Teoria da Conspiração

O Hezbollah diz que vai atacar Telavive, Israel diz que, se isso acontecer, ataca Damasco, o Irão diz que, se isso acontecer, defende a Síria (ou seja, ataca Israel). Sem ser preciso dizer, se o Irão atacar Israel, os EUA atacam o Irão.

A forma rápida e desajustada como se deu a mais recente escalada no Médio Oriente levanta a hipótese de ser pouco mais que a procura de uma desculpa para bombardear o Irão, talvez até com armas nucleares.

Há quem defenda que uma bomba atómica nas mãos do Irão conduziria à estabilidade na região. Acho que há poucas dúvidas que foi a hipótese de destruição mútua que evitou uma guerra entre os EUA e a URSS. Também é preciso ver que isso só funciona com malta que acha que a própria vida é mais importante que uma causa maior.

E enquanto isso há um país a ser empurrado de volta à idade média. Depois de terem ficado sem aeroportos, sem pontes e sem estradas, hoje ficaram sem praias.

Publicado por [Rex] às agosto 9, 2006 04:57 PM

Comentários

Rex, estas a insinuar q os camaradas prezavam mais a propria vida que o socialismo? Desvio grave, muito grave! Ja agora, se bem retornado!

Publicado por [renegade] às agosto 9, 2006 08:41 PM

As imagens da poluição impressionam-me sempre muito. Água negra. Peixes mortos a boiar.

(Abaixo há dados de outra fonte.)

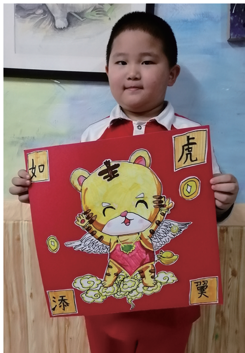
作者:于果 7岁 辽宁省实验学校赤山校区二年十班

向本报投稿的行为,视为授权本报可以对作品进行推广、宣传、展示、设计衍生产品并进行销售。

Escrevem por aí que Israel só se está a defender da agressão de que é alvo. Que os outros é que começaram porque raptaram 2 soldados.´

É a loucura da guerra.

Publicado por [Anónimo] às agosto 9, 2006 08:47 PM

Afinal, nenhum civil palestiniano foi morto pelos israelitas e a culpa do bombardeamento de Qana foi do Hezbollah!
O poupado director de um jornal português, que costuma viajar à custa do Ministério dos Negócios Estrangeiros de Israel, revelou que o exército israelita avisa sempre por telefone os sítios que bombardeia. Está provado que a responsabilidade do sucedido recai sobre o Hezbollah que não pagou a conta do telefone e dizem fontes geralmente bem informadas que usa Skype.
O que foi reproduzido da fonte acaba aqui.